The nature of truth is inherently belligerent, because it’s always at war with deception. Say what needs to be said so that we can stop bullshitting ourselves and start doing the right thing.
“When you want to help people, you tell them the truth. When you want to help yourself, you tell them what they want to hear.” – Thomas Sowell
“If you look for truth, you may find comfort in the end; if you look for comfort you will not get either comfort or truth only soft soap and wishful thinking to begin, and in the end, despair.” – C. S. Lewis
“The truth that makes men free is, for the most part, the truth which men prefer not to hear.” – Herbert Agar
“The truth is incontrovertible. Malice may attack it, ignorance may deride it, but in the end, there it is.” – Winston Churchill
“Above all, don’t lie to yourself.
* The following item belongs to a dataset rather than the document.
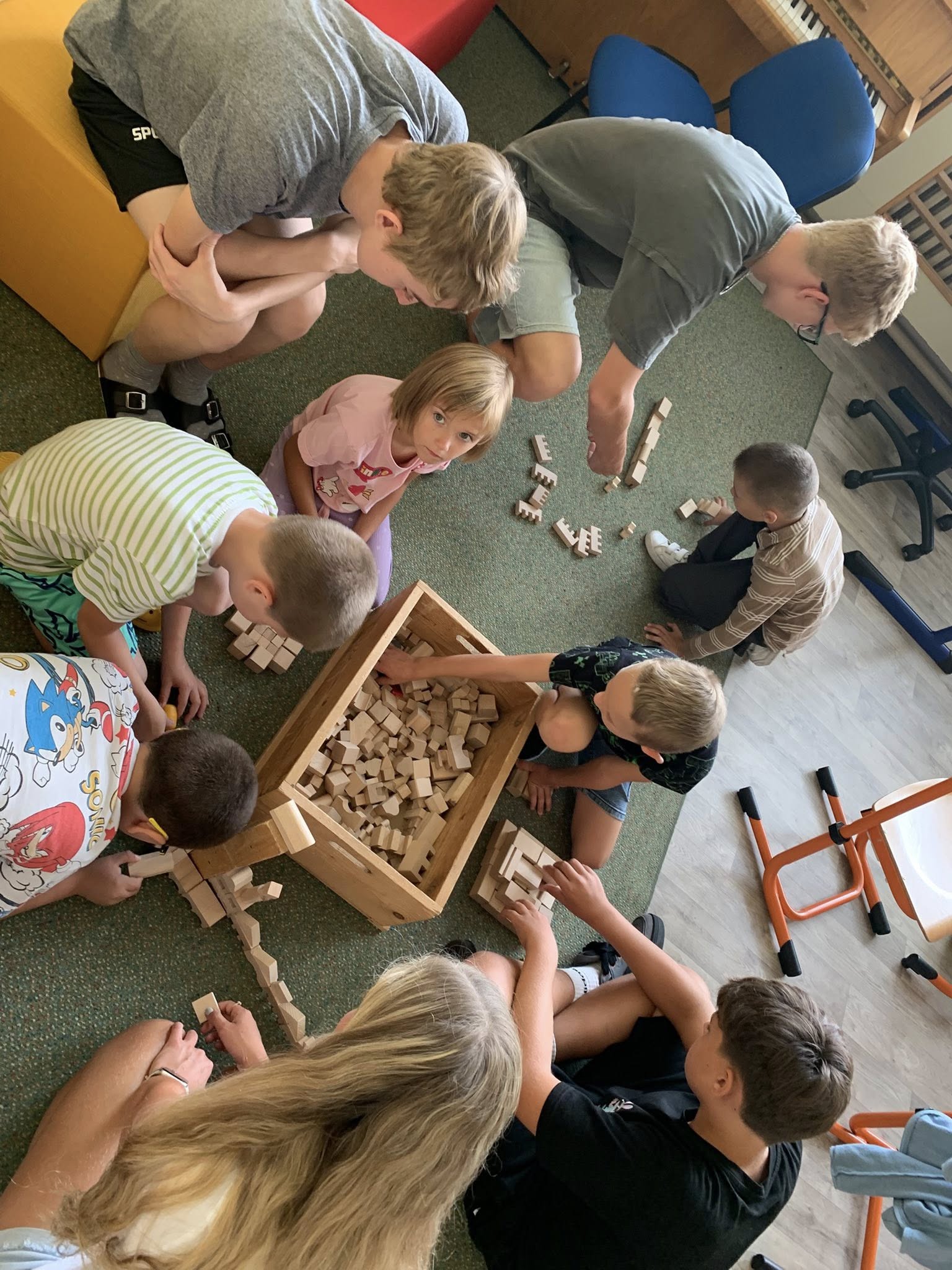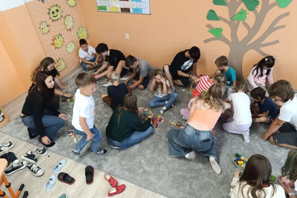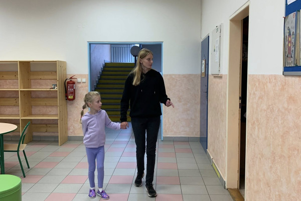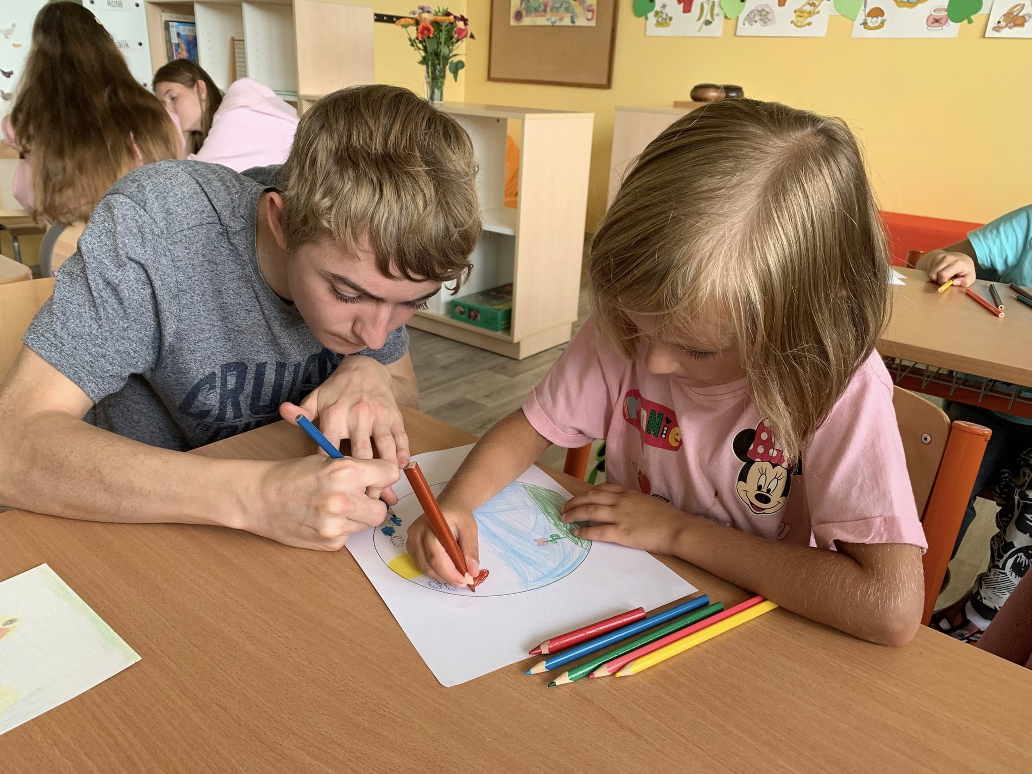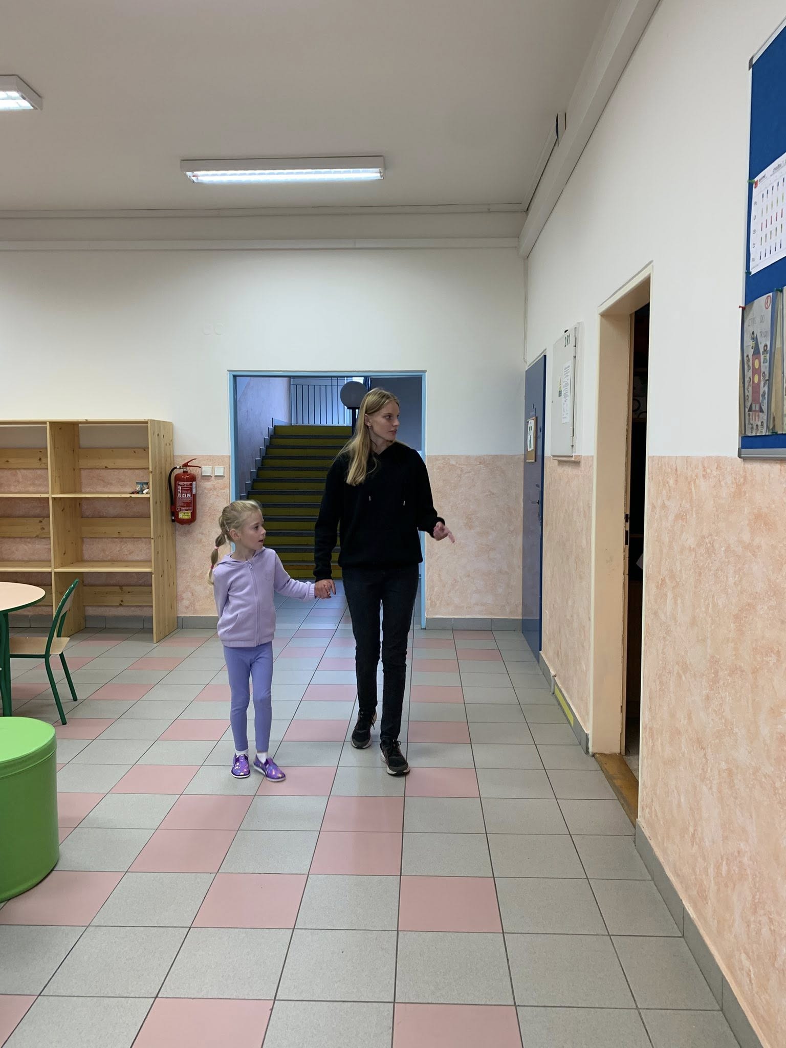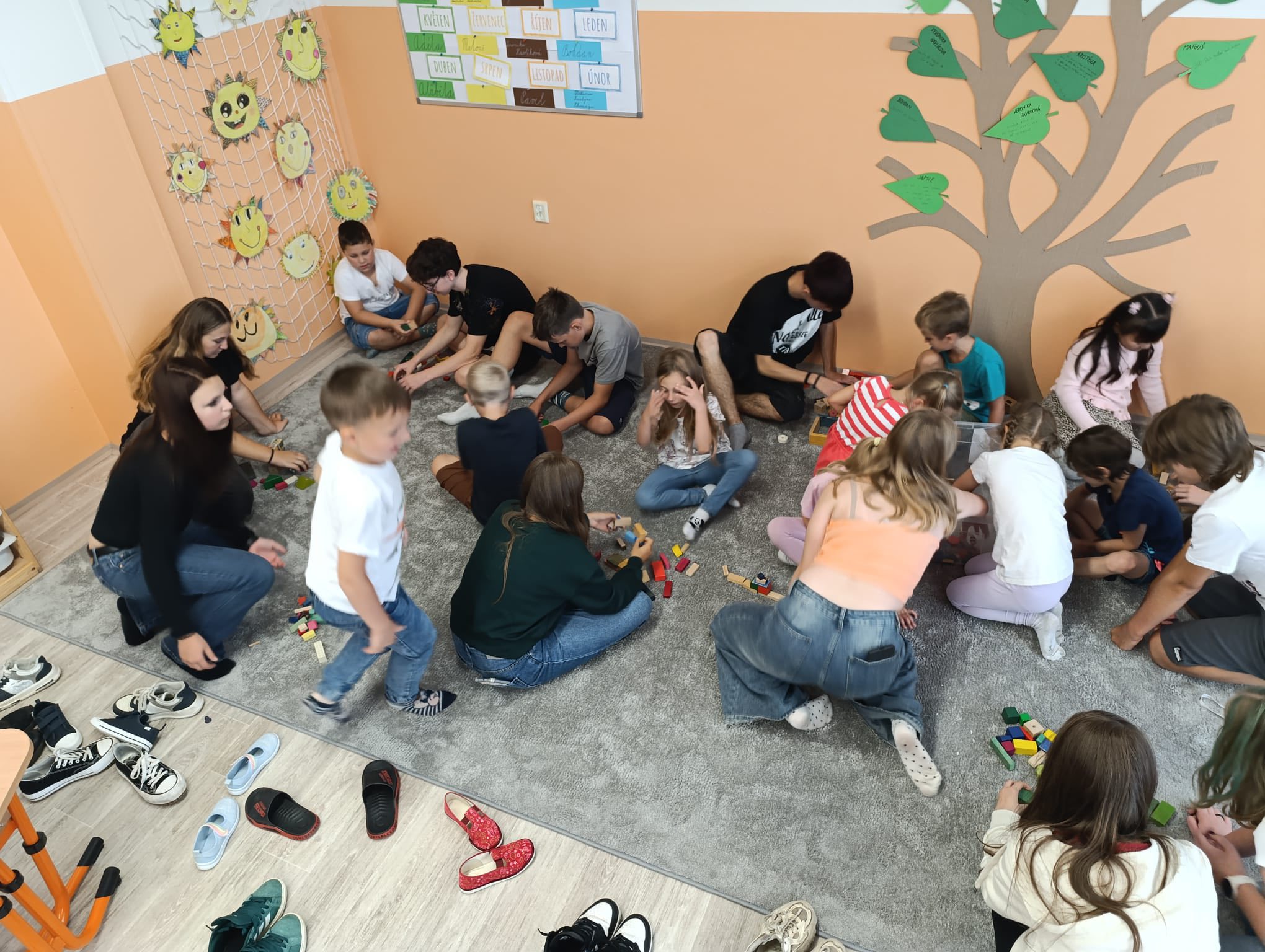 Už druhý den se na ně deváťáci přišli znovu podívat. Společně si nakreslili obrázek a deváťák provedl svého prvňáčka celou školou. Dokonce zavítali i do ředitelny, kde si popovídali s paní ředitelkou. Na chodbě si vyzkoušeli tabuli Amos nebo si zahráli fotbálek. V závěru si společně postavili stavbu z kostek. Bylo úžasné sledovat, jak jsou deváťáci ke svým prvňáčkům ohleduplní, pozorní a přijímající.

The man who lies to himself and listens to his own lie comes to a point that he cannot distinguish the truth within him, or around him, and so loses all respect for himself and for others. And having no respect he ceases to love.” – Fyodor Dostoevsky
“Truth will ultimately prevail where there is pains taken to bring it to light.”
– George Washington
“It is always the false that makes you suffer, the false desires and fears, the false values and ideas, the false relationships between people. Abandon the false and you are free of pain; truth makes happy, truth liberates.”